Si nombreuses, toutefois, et si nuisibles qu’aient été les erreurs de l’Angleterre dans l’organisation commerciale de ses colonies, on ne peut lui refuser une grande supériorité sur toutes les nations de l’Europe. Plus que toute autre, elle entra sérieusement et par une vocation bien déterminée, qui ne se démentit pas un seul jour, dans la voie de la colonisation. Elle n’eut pas pour but de recueillir promptement une moisson d’or ou d’articles rares et de haut prix. Elle fonda ses colonies sur la seule base vraie et durable de prospérité et de grandeur : l’appropriation du sol par des colons européens et le défrichement des terres incultes ; les libertés civiles et administratives, qu’elle ne contesta jamais à ses enfants d’outre-mer, furent les plus précieux encouragements à la colonisation ; cet heureux esprit d’initiative individuelle, ces mœurs de travail et d’économie, ce sens éminemment pratique et sagement progressif, que les générations anglaises se transmettaient les unes aux autres, ce furent là les causes du développement inouï des colonies d’Angleterre.
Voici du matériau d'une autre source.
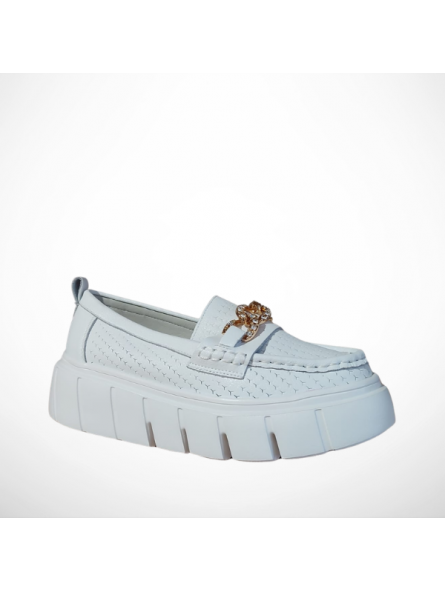 Mokasyny wykonane ze skóry naturalnej, oferują wyjątkową trwałość i luksusowy wygląd. Biały odcień z subtelnymi zdobieniami w postaci błyszczącego łańcucha dodaje im wyrafinowania, czyniąc je idealnym wyborem na różnorodne okazje. Skórzana wkładka dostarcza doskonałego wsparcia dla stopy, zwiększając wygodę noszenia przez cały dzień. To idealne rozwiązanie dla osób ceniących sobie zarówno styl, jak i komfort. Solidna, biała podeszwa nadaje im nowoczesnego charakteru i zapewnia doskonałą przyczepność, co sprawia, że mokasyny te są idealne nie tylko na co dzień, ale także na bardziej formalne wyjścia. Model wsuwany sprawia, że buty są bardzo wygodne w zakładaniu i zdejmowaniu. Neutralny biały kolor butów łatwo dopasować do różnych ubrań,takich jak jeansy, sukienki czy spodnie materiałowe.

« De quelle manière la politique de l’Europe a-t-elle donc contribué, soit au premier établissement, soit à la grandeur actuelle des colonies d’Amérique ? D’une seule manière, et celle-là n’a pas laissé d’y contribuer beaucoup : « Magna virum mater. » Elle a élevé, elle a formé les hommes qui ont été capables de mettre à fin de si grandes choses, de poser les fondements d’un aussi grand empire ; et il n’y a pas d’autre partie du monde, dont les institutions politiques soient en état de former de pareils hommes ou, du moins, en aient jamais formé de pareils jusqu’à présent. Les colonies doivent à la politique de l’Europe l’éducation de leurs actifs et entreprenants fondateurs et les grandes vues qui les ont dirigées ; pour ce qui regarde le gouvernement intérieur, c’est presque là tout ce que lui doivent quelques-unes des plus puissantes et des plus considérables. » 

Ainsi parle Adam Smith. C’est le vigoureux tempérament politique et industriel de la mère patrie, qui peut seul assurer la grandeur et la prospérité des colonies.

CHAPITRE V

De la colonisation française.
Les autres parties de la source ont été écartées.